Also, I think there’s a typo -> polyarticular is 5 or MORE joints, not LESS.
Thanks for the heads up on this VERY high-yield topic bdig.
I’ve rephrased to make it more clear. Also, changed the typo from LESS to MORE. Revised version is below.
JUVENILE RHEUMATOID ARTHRITIS (JRA)
KNOW JUVENILE RHEUMATOID ARTHRITIS WELL! The diagnosis requires knowing quite a few details. The child should have been under the age of 16 at the time of symptom onset. Symptoms must be present for at least 6 WEEKS before the diagnosis can be made. In children, if arthritis is present it is more common in the LARGE joints and rheumatoid nodules are much less common when compared to adults. A positive rheumatoid factor indicates a worse prognosis. Do NOT order a rheumatoid factor for diagnostic purposes. It can help with prognosis/subtyping, but a negative RF does NOT rule out RA.
* OLIGOARTICULAR JRA (OLIGOARTHRITIS): This refers to JRA that affects 4 OR LESS JOINTS, and is the more common type of JRA (>50%). Positive markers (rheumatoid factor and ANA) make this subtype much more likely. It’s more common in younger girls and is associated with chronic uveitis. Since visual complaints may be absent, patients need to have regular eye exams. Boys have a better prognosis.
- MNEMONIC: The O’s for OligO look like EYES and need regular eye exams because it is the more serious subtype.
* POLYARTICUlAR JRA (POLYARTHRITIS): This refers to JRA that affects 5 OR MORE JOINTS. Also more common in young girls. Systemic symptoms outside of the joints is not common.
* SYSTEMIC (aka STILLS DISEASE): This is equally as common in boys and girls. There are many classic symptoms and finding to be aware of including an episodic, salmon-colored “EVANESCENT RASH.” Patients may also have an extremely high LEUKOCYTOSIS (> 30K), with spiking fevers, lymphadenopathy and possible hepatosplenomegaly. Patients may also have pleurisy, pericarditis and the Koebner phenomenon (linear skin lesions appearing along a site of injury, rubbing or scratching). Serum markers are NEGATIVE.

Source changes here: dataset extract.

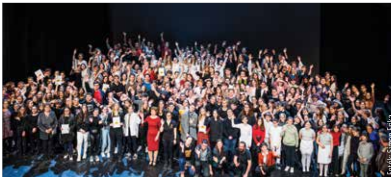
A bejelentés pillanata

Ötletes megoldásokat láthatott a közönség az egyes Arany-balladák feldolgozására hétfő este: az Aranyszínház című produkcióból kiderült, hányféleképpen jelenhet meg a halál, az elmúlás, a szerelem, az örület, a szabadság és a hűség a színpadon. Az Atlantisz program első előadását 2015-ben láthatta a fehérvári közönség a Vörösmarty Színházban. E művészeti nevelési program célja, hogy közelebb hozza a színházat a gyerekekhez. Az elmúlt években így játszhatta el több száz diák a Lúdas Matyit, Arany János Toldi című elbeszélő költeményét, valamint az Odüsszeiát is. Most Arany János balladáin volt a sor.

- PEARL: If everything else fits and the patient doesn’t have an arthritis, go ahead and pick this diagnosis! The other symptoms are commonly present well before the arthritis component kicks in.
- PEARL: This can be a difficult diagnosis to make and is often missed in clinical practice and on the pediatric board exam. Please be VERY, VERY comfortable with this topic.
- PEARLS: In comparison to leukemia, pain is in the AM (not at night), pain is in the joints (not the bone), mild hematologic anomalies (not severe), symptoms wax and wane (not persistent/worsening), symptoms are insidious in onset (not acute) and JRA may have a rash. BOTH can have lymphadenopathy and hepatosplenomegaly. In comparison to septic arthritis, remember the insidious onset of symptoms for JRA (not acute).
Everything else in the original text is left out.